(Dataset records)
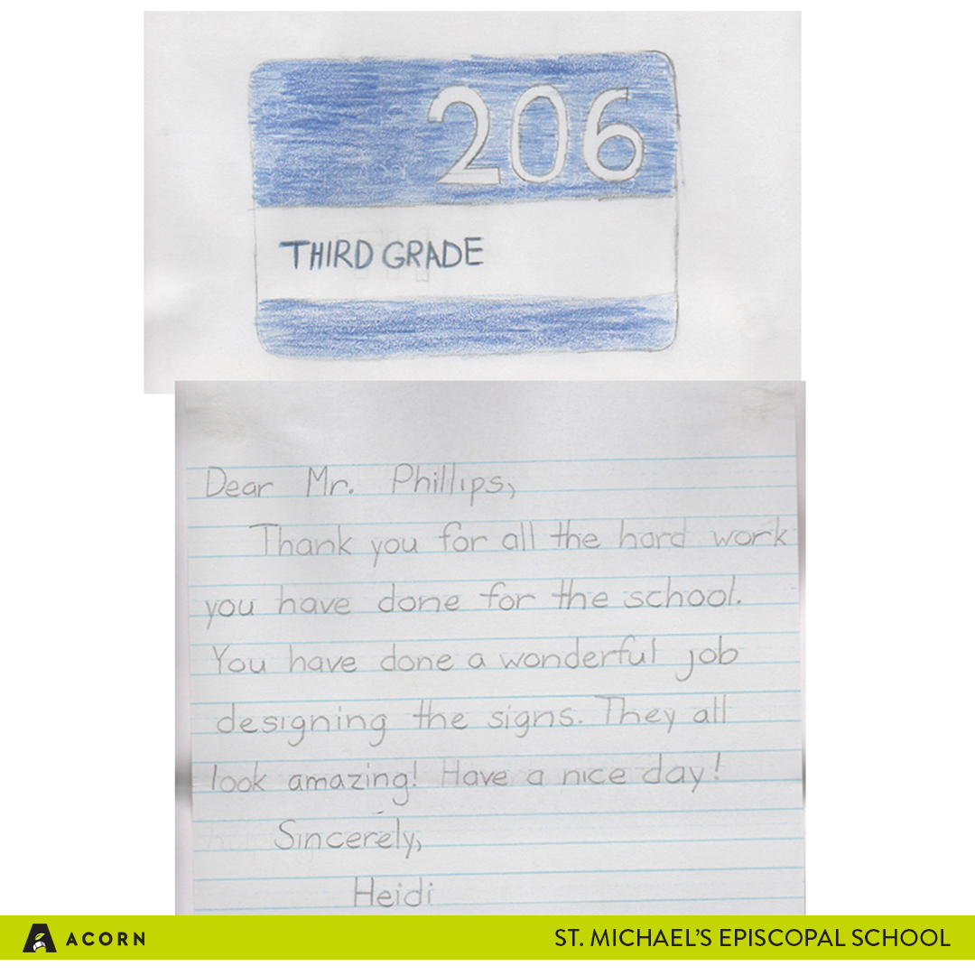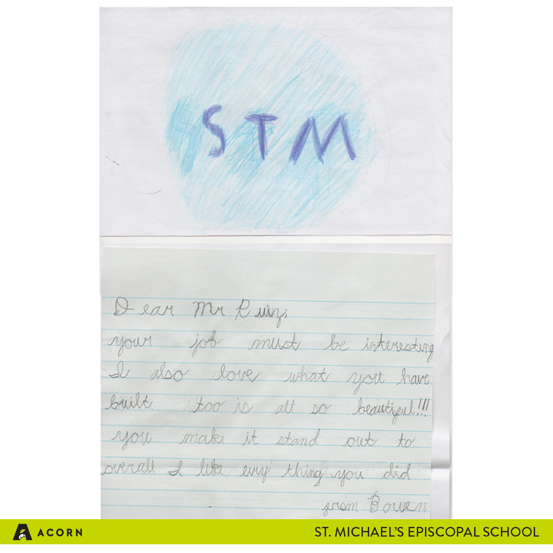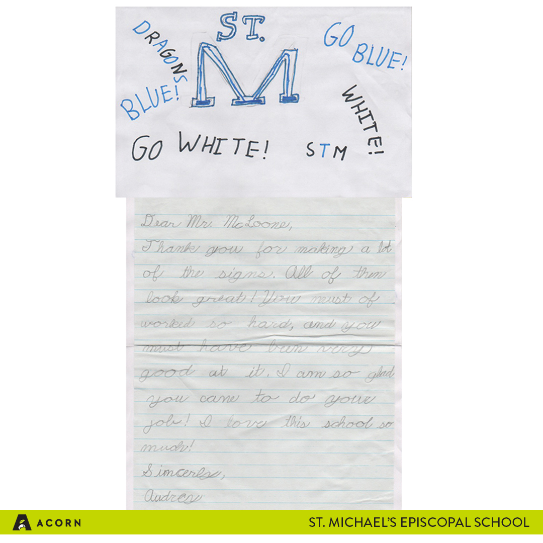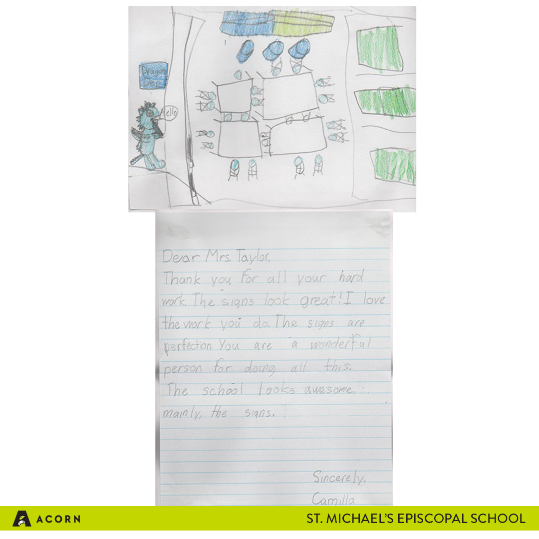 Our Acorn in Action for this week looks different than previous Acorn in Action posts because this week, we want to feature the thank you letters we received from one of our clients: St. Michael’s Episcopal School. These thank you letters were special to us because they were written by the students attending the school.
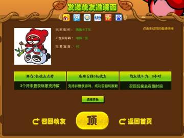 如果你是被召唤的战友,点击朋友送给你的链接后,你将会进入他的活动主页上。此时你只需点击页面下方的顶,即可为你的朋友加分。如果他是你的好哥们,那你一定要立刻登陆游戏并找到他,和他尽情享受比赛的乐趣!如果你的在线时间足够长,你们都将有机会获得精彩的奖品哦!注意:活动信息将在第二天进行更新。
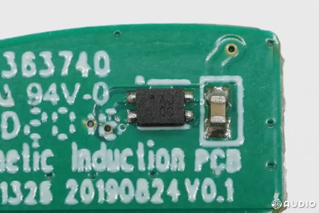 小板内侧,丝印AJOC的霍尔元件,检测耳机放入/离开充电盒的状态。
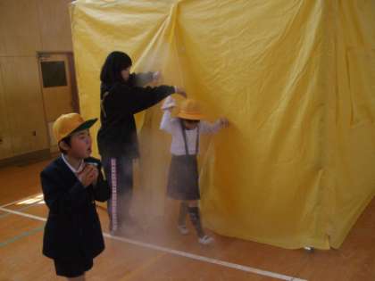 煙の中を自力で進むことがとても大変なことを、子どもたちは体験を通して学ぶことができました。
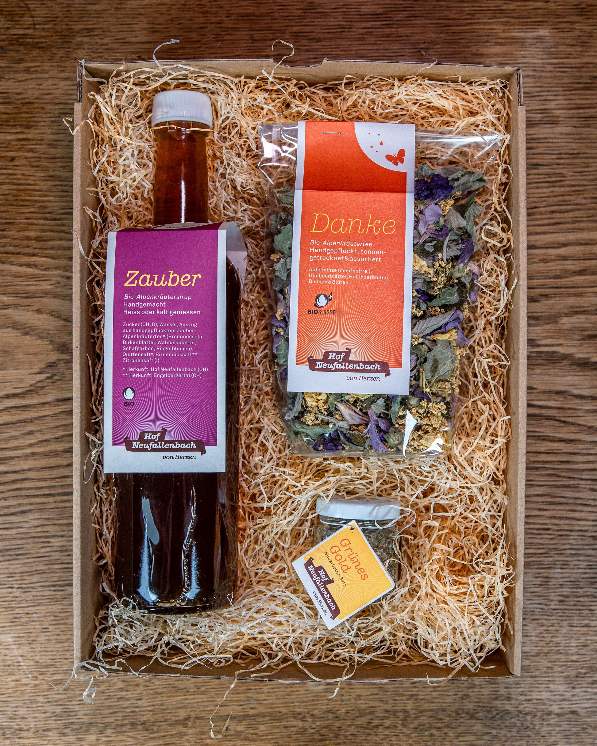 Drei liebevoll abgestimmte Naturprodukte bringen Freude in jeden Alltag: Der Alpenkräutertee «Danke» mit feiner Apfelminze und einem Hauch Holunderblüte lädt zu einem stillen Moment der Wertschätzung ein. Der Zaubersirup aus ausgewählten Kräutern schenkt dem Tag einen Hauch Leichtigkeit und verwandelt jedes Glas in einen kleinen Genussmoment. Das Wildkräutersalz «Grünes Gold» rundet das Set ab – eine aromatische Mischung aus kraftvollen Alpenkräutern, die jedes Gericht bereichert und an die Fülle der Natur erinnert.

EXERCISE DESCRIPTION:
Exactly as written, restate the lines above from the opening line through the one holding "煙の中を自力で進むことがとて", omitting the pictures.

WRITTEN RESPONSE:
 Our Acorn in Action for this week looks different than previous Acorn in Action posts because this week, we want to feature the thank you letters we received from one of our clients: St. Michael’s Episcopal School. These thank you letters were special to us because they were written by the students attending the school.
 如果你是被召唤的战友,点击朋友送给你的链接后,你将会进入他的活动主页上。此时你只需点击页面下方的顶,即可为你的朋友加分。如果他是你的好哥们,那你一定要立刻登陆游戏并找到他,和他尽情享受比赛的乐趣!如果你的在线时间足够长,你们都将有机会获得精彩的奖品哦!注意:活动信息将在第二天进行更新。
 小板内侧,丝印AJOC的霍尔元件,检测耳机放入/离开充电盒的状态。
 煙の中を自力で進むことがとても大変なことを、子どもたちは体験を通して学ぶことができました。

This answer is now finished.